第41話
修学旅行明けの週末の、繁華街から少し逸れた人通りの殆ど無い薄暗い路地裏。そこから二人、同じ歩幅で歩いていく。
今頃同じ斑のメンバーはカラオケで盛り上がっている頃だろう。主に山下とか山下とかが。
「な、どうする?」
「…なにが」
「打ち上げ。行く?」
のんびりと歩を進めながら聞いてみる。
あぁ、天にも昇る気持ちとは正にこのことなんだろう。幸せ過ぎて、俺の人生のピークは正に今なのかも知れない。
「どっちでもいいよ」
「えー。ここは『高木と二人でいたい』とか言うところじゃないの?」
「なっ…」
茶化すように言えば、横田はぐぬぬと俯いていく。横田がこんなに表情豊かな奴だったなんて知らなかった。しかもその視線は他の誰でもない、俺に向けられているだなんて。こんなに照れたりする横田を拝める日が来るなんて。
これからは親友なんていうポジションじゃなく恋人として、横田と並んで歩くことができるなんて。
「ふはっ……っあー!やべ、俺まじやばいかも。

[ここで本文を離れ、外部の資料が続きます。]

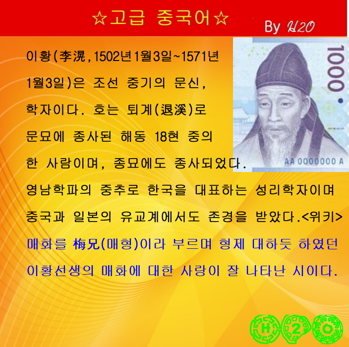 | 한시(漢詩)로 배우는 漢文과 중국어 502 ★陶山月夜詠梅 - 李滉-2 (0) | 2020.03.17 |
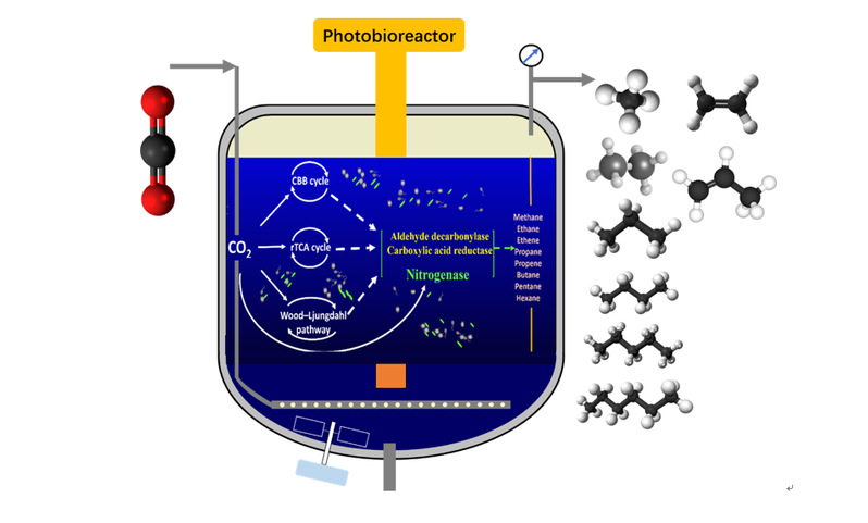 2021年10月20日,永利官网夏文杰和马挺团队在《Journal of Cleaner Production》杂志上发表了题为“Photo-driven heterogeneous microbial consortium reducing CO2 to hydrocarbons fuel”的文章。本研究表明CO2可以经过特定微生物群落的转化,合成短链烷烃(C1-C5烷烃和C2-C3烯烃),且具有更高的CO2固定率和烷烃转化率;重点研究CO2烃转化过程中菌-功能基因-产物的相互相应机制,明确了生物CO2烃转化的代谢路径,建立了多元化微生物共培养转化体系;明确路径Calvin-Benson-Bassham循环, Reductive tricarboxylic acid循环和Wood-Ljungdahl循环等在体系中CO2固定的角色,以及carboxylic acid reductase酶、aldehyde decarbonylase酶,nitrogenase酶等烷烃合成角色。本研究为CO2生物转化和定向调控技术的推广和应用奠定理论基础和工程基础。

もう死んでもいい」
「ちょっと…今死んだら駄目でしょ」
心なしか横田くんの台詞の数が増えた気がする。あー…こうやって少しずつ、新しい横田を発見していくんだろうか。
「よーこたー」
「…なん…だよ」
「ははっ、なんでもなーい」
行きはあんなにどんよりと暗かったはずなのに、なんでだろう…同じ道を同じ人と歩いているのに、今はこんなに輝いてみえる。恋愛ってすげぇ。
「ねぇねぇ横田」
「…?」
ふと立ち止まって、不思議そうにこちらを振り向く横田に笑いかける。
「好きだよ」
「…!」
片手で顔をぱたぱたと仰ぐ横田、ほんと可愛いなーとか思ってたら、ばしんと背中を叩かれた。
「横田くんヒドイ!」
「…ばか」
横田くんツンデレ属性なのかな。あぁもう、全てが愛おしくて、この人が自分を好いてくれていることがたまらなく嬉しい。
無表情だった頃の横田くんも非常にグッジョブだったけど、こうして俺の発言一つにころころ表情を変える横田くんはもっともっと魅力的だ。
「……」
「……」
路地裏出てからやたらと心臓が煩い。ばくばくばくと、そろそろ心臓が悲鳴をあげている気がする。でもこんなに心地の好いドキドキは初めてだ。
もう一度横田の顔が見たくてゆっくり隣を伺うように見ると、まさかの横田も同じ考えだったらしく、ばちりと音を立てるように視線が交わってしまう。
お互い照れくさそうに、はにかむように笑い合う。なんだこれ、幸せ過ぎる。
時折ひゅおおぉと吹いてくる冷たい風も、今は心地好く首筋を通っていく。…さっきはあんなに寒かったのにな。
深い静けさの漂う小道から、遠くにうっすら見え始めた繁華街に目をやると、がやがやとひしめき合う人達の姿が見えた。
今俺達はあそこにいる誰よりも、一番幸せ絶頂だなぁなんて考えながら、ゆっくりゆっくり歩いていった。
「っあ、なー横田!そういえばあれじゃん、俺達も晴れてBLの仲間入りだな!」
「え、ベーコンレタス?」
---fin!---
おしまいです!!
なんだかんだでハッピーエンド。ぱちぱちぱちです´`!よかったね高木くん!
最後あのセリフでしめようというのは、連載当初から密かに決めてました(笑)
本編41ページという長丁場、お付き合いくださって本当にありがとうございました!